No hay que olvidar que la prensa dependía económicamente de los anuncios oficiales, que la Secretaría de Gobernación controlaba el papel e inclusive voceros y repartidores estaban enchufados al sindicalismo charro. Los rangos de movilidad eran limitados no solo en lo público, también en lo privado. Los colaboradores apenas recibían paga por sus escritos o, en el peor de los casos, daban por gratificante el solo hecho de aparecer en el diario. Había que discurrir argucia y media para mecerse entre el poder y las letras, entre el poder y la prensa y entre el poder y las urgencias financieras. De ahí que se fortaleciera la necesidad de que tanto políticos como periodistas y voces críticas cultivaran relaciones de amor/odio, mutua necesidad y atracción/rechazo entre ellos hasta que Echeverría cometió la torpeza de romper con lujo de violencia un equilibrio que, en su circunstancia y de haber entendido su significación, le hubiera sido enormemente provechoso. Pero Echeverría nunca se distinguió por sus luces, menos por su sagacidad ni por su agudeza política.
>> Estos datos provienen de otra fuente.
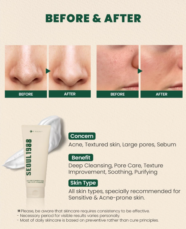 Experience the power of K-SECRET’s SEOUL 1988 Cleansing Foam, a luxurious blend of Pine Cica 1% and Probiotics.

En lo que a Julio respecta, agregó el acierto de fundar, como parte de Excélsior, LA revista Plural con Octavio Paz que por sí misma habría de marcar un hito en la historia de las publicaciones culturales. Tras su sonada renuncia a la Embajada de México en India a causa de los sucesos sangrientos, Paz respondió con creces a la vanguardista apertura de Scherer y uno en el periodismo, el otro en cuestiones de arte, letras y pensamiento, ambos establecieron formidables vasos comunicantes. No obstante breve, este fue el periodo de oro del periodismo político y cultural mexicano, a pesar de la escasa y por demás ostensible presencia femenina entre las firmas.

 Hombre recio y de grandes contrastes, recuerdo cómo sonrió con inocultable satisfacción cuando, entre desacuerdos y burlas veras, le dije: “Julio: tú eres de los que por las buenas es bueno y por las malas, peor”. Enfatizaba el sustantivo “¡señora!” al hablar conmigo y con otras mujeres a quienes no dudaba en tratar con extrema cortesía, no siempre cómoda. Escuchaba inclinado hacia delante y la cabeza ladeada, con ojos y oído clavados en las palabras. Cuartillas en mano, prefería el lápiz para garabatear, tachonar, agregar o quitar apostillas que quizá solo su fiel secretaria entendía.  Era obstinado, de los que peleaban a muerte, sin conceder ni perdonar. Encerraba al rival contra la pared y a regañadientes compartía con sus pares la certeza de que había que dejar una rendija para dejarle escapar. Después, alguna evocación enojosa lo reanimaba y volvía a arremeter. Tardaba en aceptar reparos, aunque a poco y a veces, dejaba caer algún indicio de rectificación salvo en casos, como la ruptura con García Cantú, que le provocaba un ostensible disgusto, quizá porque nunca resolvieron sus diferencias.

El olvido no fue lo suyo ni bajaba la guardia. No por nada repetía el episodio del golpe a Excélsior en cualquier ocasión. Lo escribía y reescribía hasta el agotamiento y a pesar de que para las nuevas generaciones está lejos de significar lo mismo que para sus protagonistas. Lo relataba escarbando renovadas razones para abundar en la agresión que sufrieron él, el diario a su cargo y sus colaboradores y también los lectores. Sabía que, pese a otros aciertos, su revista Proceso ni de lejos se acercaría a los logros del glorioso periodo 1968-1976 en que él y un puñado de mexicanos hicieron posible lo que parecía imposible.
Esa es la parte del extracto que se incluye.